In the Small Business Saturday campaign, American Express augmented social actions to scale. From Facebook to YouTube to Foursquare, American Express put out online and offline platforms to amplify small business voices for their audiences. The key of this campaign was to decentralize and mobilize shoppers to make them feel as though they were shopping for a cause together, but in their own local business communities across the country. A website was set up to ask Americans to pledge to make a purchase at a local business. Consequently, 103 million Americans shopped on Small Business Saturday 2011, including President Obama and his daughters. American Express also saw cardmembers transactions increase 23% at small merchants on the day (Facebook-studio.com, 2012). More importantly, a resolution supporting Small Business Saturday was passed by the U.S. Senate unanimously.

Conclusion

The overview and the case have illustrated how the postmodern-rhetorical enactment model can inform public relations practices.

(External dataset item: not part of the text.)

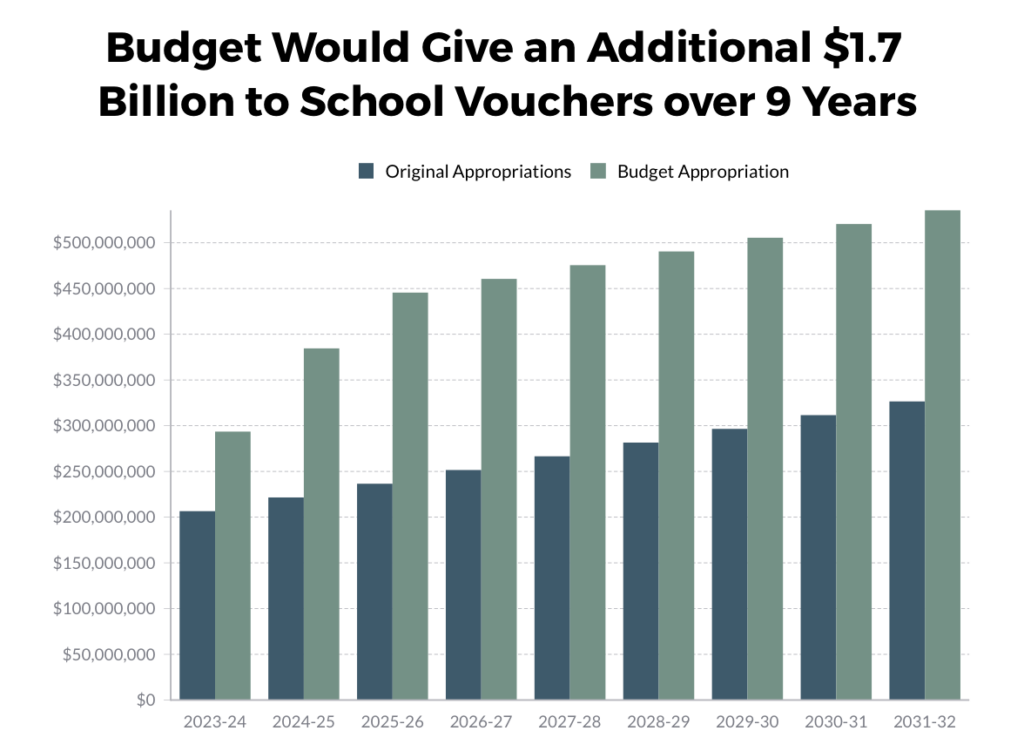 The budget significantly increases funding for vouchers to account for this expansion. For the current biennium, funding for the program increases to over $678 million (approximately $293.5 million in 23-24 and $384.5 million in 24-25), compared to the $428 million in appropriations outlined in the 2021 budget. If this funding were instead allocated to public schools, the budget could more than double teacher raises for the biennium. By 2029, over $500 million annually in taxpayer dollars will be allocated to private schools.

Some clear lessons emerged from this case study include: 1) there’s a need to situate an organization’s voice in a leveraged field to rise among metanarratives; 2) the most rewarding relationships are ones that directly involve the participants, not just the decision makers; and 3) pseudo-realities can lead to spikes in community participation if they are managed delicately.

The framework presented here is meant to provide an alternative, theoretical model that suggests critical evaluation of current public relations practices and invokes different approaches to discussing public relations in a postmodern world. The hybrid model seeks to promote an appreciation for postmodernist expectations in our society.